This project transformed 45 years of a Swedish newspaper’s staff magazine (Pukslagaren, 1968-2012) from unsearchable scanned PDFs into a semantic search system powered by AI. The end result is a Custom GPT that can answer natural language questions about the archive’s contents.


The Problem

We had 132 PDF files containing scanned magazine pages. The issues:

  1. Poor text layer quality – The existing OCR was garbled (e.g., “§tÅffiÅmEN” instead of “STAFFAN”)
  2. No semantic search – Traditional keyword search fails when you don’t know exact terms
  3. Size constraints – 2.9 GB total, far exceeding ChatGPT’s 512 MB knowledge base limit
  4. No structured metadata – Couldn’t filter by year or issue number

The Solution: A 5-Stage Pipeline

Stage 1: PDF Organization

132 individual PDFs (quarterly/biannual issues)
    ↓
Organized by year and issue number
    ↓
Naming pattern: "Pukslagaren YYYY-N.pdf"

Stage 2: Optical Character Recognition (OCR)

Tool: ocrmypdf with Tesseract (Swedish language pack)

ocrmypdf --force-ocr --language swe input.pdf output.pdf
pdftotext output.pdf extracted.txt

Why --force-ocr? The PDFs had existing (broken) text layers. This flag ignores them and performs fresh OCR on the images.

Output: 132 text files, ~25,000-47,000 characters each

Stage 3: Text Chunking

Large documents must be split into smaller pieces for embedding:

Full document (~40,000 chars)
    ↓
Chunks of ~1,500 characters
    ↓
200-character overlap between chunks
    ↓
~30 chunks per document

Why overlap? Prevents information loss at chunk boundaries.
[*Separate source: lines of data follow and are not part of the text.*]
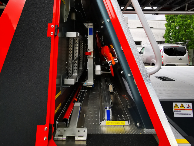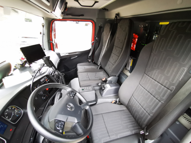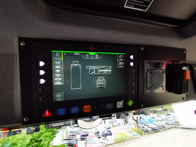 - CAN-Bus-Steuerung der neuesten Generation, hochauflösende LCD-Farbdisplays mit selbstleuchtenden Tastern, im Korb und am Hauptbedienstand (Nachtdesign), im Fahrerhaus befindest sich ein weiteres Display zur Steuerung der Warnanlage und Überwachung des Hubrettungsaufbaues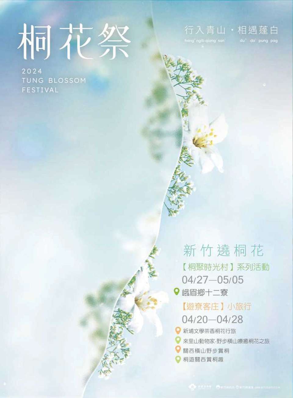 桐花盛開的季節來了!新竹縣政府文化局與新埔、關西鎮及橫山鄉地方合作,結合在地人文、藝術、觀光及產業,推出「新竹遶桐花-遊尞客庄」2024桐花小旅行,規劃4條路線共7梯次活動,將於4月20日至28日陸續登場,讓大家感受在地接待與新竹縣豐厚底蘊的人文與藝術,小旅行報名網站https://www.beclass.com/rid=284d7c365fe96a996573。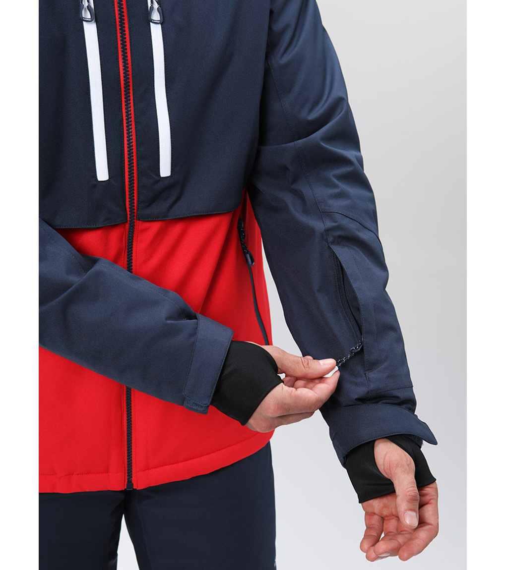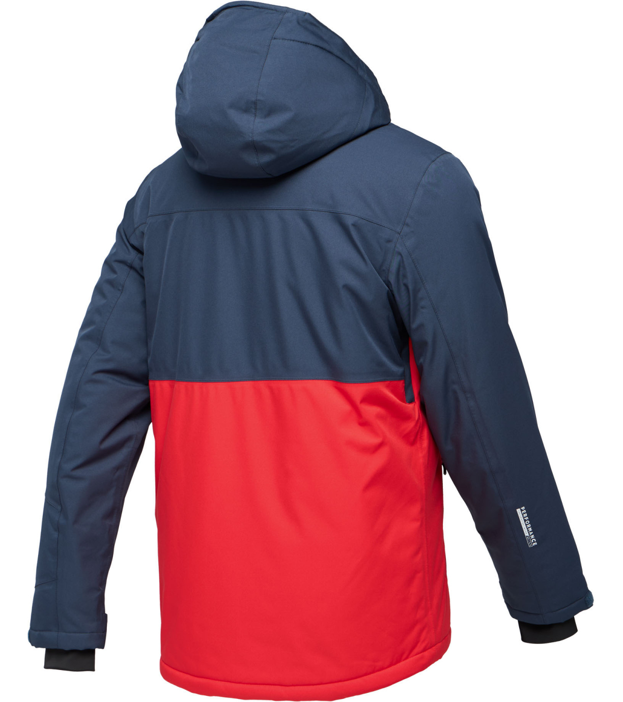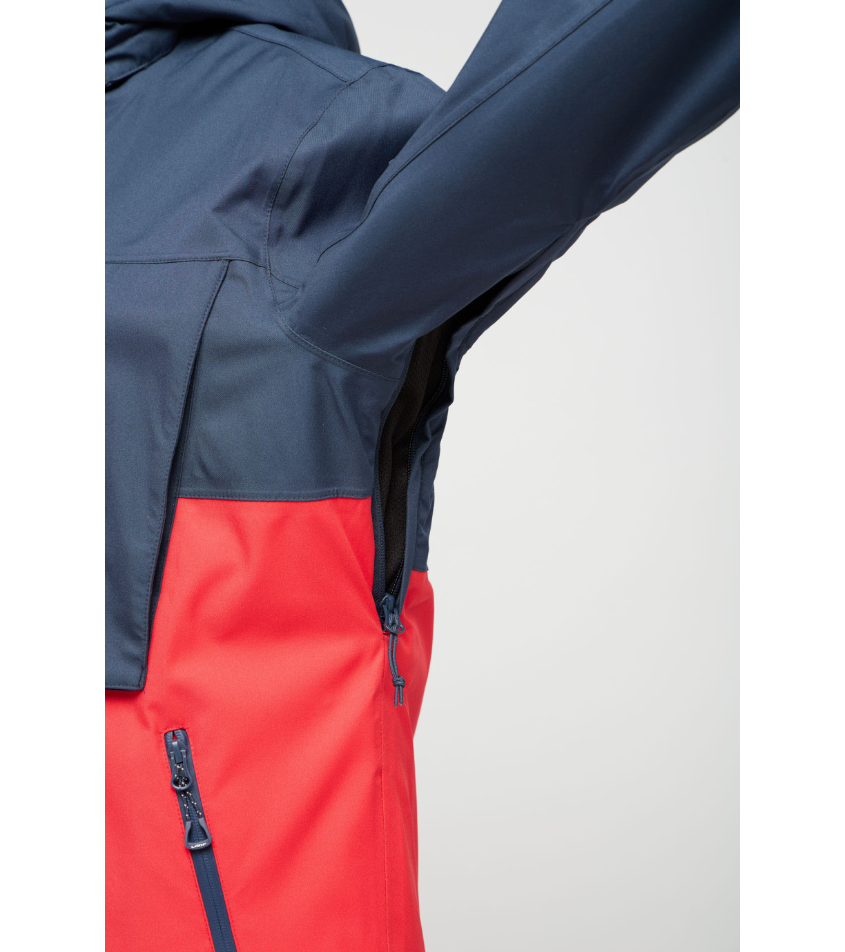 Gotowa na śnieg, wiatr i akcję – męska kurtka narciarska z całodziennym wyposażeniem. Ta męska kurtka narciarska została zaprojektowana z myślą o trudnych warunkach górskich i zapewnieniu maksymalnego komfortu przez cały dzień na stoku. Membrana AQUA PRO o wodoodporności 15 000 mm, klejone szwy i wytrzymały materiał zewnętrzny STORMEX niezawodnie ochronią Cię przed wilgocią i wiatrem. Oddychalność 5000 g/m²/24 h oraz zamki wentylacyjne zapewnią idealny mikroklimat wewnątrz kurtki podczas aktywności fizycznej. Izolacja z włókien POLYTHERM zapewnia ciepło. Kurtka ma odpinany, regulowany kaptur, pas śnieżny oraz ściągacz u dołu kurtki, zapewniający lepszą ochronę przed zimnem. Rękawy z regulowanymi rzepami uzupełnione są wewnętrznym elastycznym mankietem z otworem na kciuk, który zapobiega przedostawaniu się śniegu nawet podczas aktywnego ruchu. Pięć kieszeni zewnętrznych i dwie wewnętrzne pozwolą Ci bezpiecznie przechowywać wszystko, czego potrzebujesz – od karnetu narciarskiego po okulary przeciwsłoneczne. Wodoodporny, wszyty zamek błyskawiczny jest niezawodny, a jednocześnie sportowy i nowoczesny. Klasyczny krój dobrze dopasowuje się do większości sylwetek i zapewnia swobodę ruchów. Doskonały towarzysz na stokach i w górach.

A sentence split across two chunks will appear complete in at least one of them.

Result: 4,126 total chunks from 132 documents

Stage 4: Vector Embeddings

Tool: OpenAI Embeddings API (text-embedding-ada-002)

Text chunk → OpenAI API → 1536-dimensional vector

Each chunk becomes a point in 1536-dimensional space where semantically similar texts are located near each other.

Example: “personaltidning” (staff magazine) and “företagets nyhetsbrev” (company newsletter) would be close in vector space, even though they share no words.

Stage 5: Vector Database

Tool: Supabase with pgvector extension

Schema:

CREATE TABLE pukslagaren_chunks (
  id bigserial PRIMARY KEY,
  content text NOT NULL,           -- The actual text
  source_file text NOT NULL,       -- Original PDF filename
  year integer,                    -- 1968-2012
  issue text,                      -- "1", "2", "sommaren", "julen"
  chunk_index integer,             -- Position in document
  embedding vector(1536),          -- The vector representation
  created_at timestamptz
);

-- Enable fast similarity search
CREATE INDEX ON pukslagaren_chunks
  USING ivfflat (embedding vector_cosine_ops);

Search function:

CREATE FUNCTION search_pukslagaren(
  query_embedding vector(1536),
  match_count int DEFAULT 5,
  filter_year int DEFAULT NULL
)

Uses cosine similarity to find the closest vectors to the query.


The Search Flow (RAG)

RAG = Retrieval-Augmented Generation

User question: "Vad skrev Pukslagaren om Vietnamkriget?"
                            ↓
            [1] Embed the question
                            ↓
         Query vector (1536 dimensions)
                            ↓
    [2] Search vector database (cosine similarity)
                            ↓
      Top 5 most relevant text chunks
                            ↓
   [3] Send chunks + question to GPT-4
                            ↓
      "Enligt Pukslagaren 1972-3 skrev man..."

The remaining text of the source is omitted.